PAs and NPs have no where the amount of training of a medical doctor. Nor can they do specializations like doctors but only get experience by working in a certain department. Yet they are being used more and more in medical practices and I have seen them assume responsibilities where they definitely should not because they totally lack the depth of knowledge. They are paid less than a doctor, but the institution can charge insurance the same amount (code the same) if they are "supervised" by a MD. My friend's daughter is a doctor and was very unhappy when they hired some PAs and said it was not realistic to expect she had the time to supervise them but was expected to sign off on what they did. The clinic finally decided to code visits at a lower amount and not require MDs to sign off on what the visit.
SO... PAs and NPs want more responsibility...so why not encourage them to complete MD training???? Why "dumb down" our medical system???? Time to give scholarships for medical training! They give tax breaks to companies to increase development in certain areas, and the shareholders end up very rich. How about making medical education very affordable and available to help everybody!

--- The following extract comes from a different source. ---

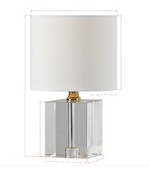 The Sloane Crystal Lamp is a sleek and modern accent piece with a timeless touch. At 12 inches tall, its solid crystal base is shaped into a crisp cube, creating a clean, structured look that plays with light beautifully. A polished metal accent adds a hint of warmth, while the white linen shade balances the design with a soft, airy feel. Perfect for adding a refined touch to nightstands, bookshelves, or side tables, this mini lamp blends simplicity with sophistication.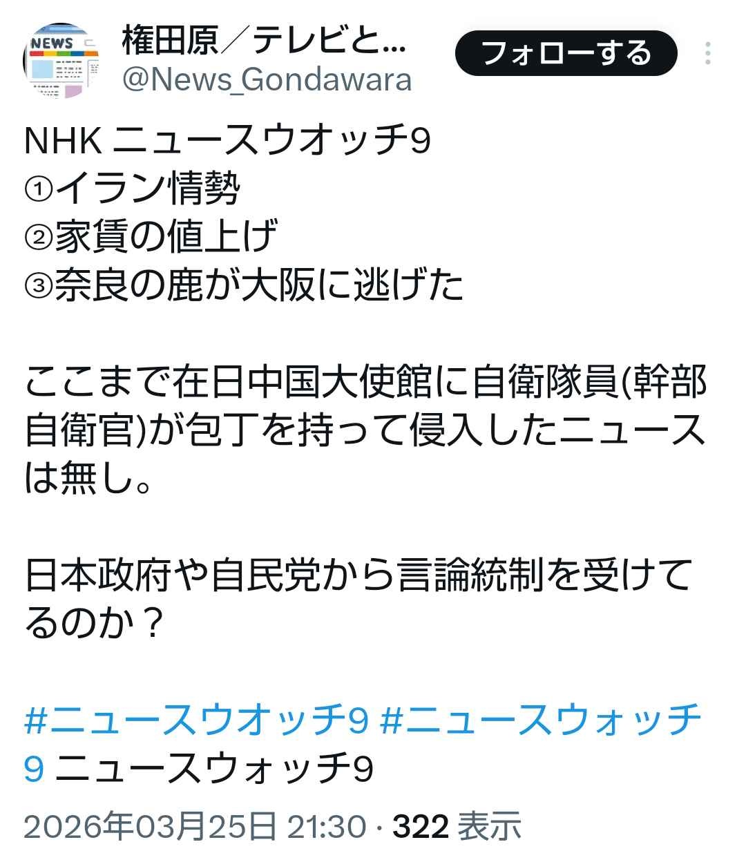 ニュースウオッチ9 - 2 : 2026/03/25(水) 21:53:48.23 ID:O0xEGHgA0

In the twenty plus years of going to the same family practice, I only saw an MD once. That was for a sigmoidoscopy. Always a PA or CRNP. They did a good job, but they could not answer many of my questions.
I can tell you that my former primary care practitioner was a DNP - a doctor of nursing practice, with 2 subspecialties - pain management and geriatrics - and was equal or superior to every family practice doc I saw during the 20+ years I saw her.
When she became an NP, she had her Master's Degree in Nursing Practice, 8000 hours of medical nursing experience, and 2000 hours shadowing physicians in the clinic that hired her.
Why didn't she go to medical school? Because by the time she was "ready" she had a family, including a in a specialty residency husband, and could not manage the hours required for residency.
Until we figure out a way to train doctors humanely, and not use them as slave labor in our hospitals and Emergency Rooms, we will see declining enrollment. And until we compensate family practitioners equally to other specialties, we will see fewer docs. The year I retired as a technical project manager from the Feds, my NP and my husband's family practice doc both earned less that I did. I did not have anywhere near the education of either of them, and did not hold people's lives in my hands!
I have friends who really like their NPs and PAs. However, when one compares the full training, apples to apples, they do not have the same training and clinical hours requirements as an MD. I and others I know have been misdiagnosed by them or given incorrect information (even at Mayo). If one wants to practice like a doctor, one needs to acquire the credentials.
Of course, I have known doctors who were not up to par ...much depends on the passion one has for one's work.
I fully agree that one should not take advantage of residents and they should be paid. And doctors should be paid a salary (like Mayo Clinic, Cleveland Clinic do) and not this fee for service system that only promotes quick moving assembly line of patient visits.
Salaries are based on what the market allows, and by who controls the purse strings. CEO pay in the US is outrageous. Medicare could reimburse at a higher rate if one took the insurance company out of the loop and we had a single payer system. Just look at the financial documents of these insurance companies, the sales and marketing costs, administrative costs and CEO pay. And the provider has extra costs to process different insurance company policy rules. That is money that could go to increasing pay of doctors or giving us more benefits. That money does not go for healthcare!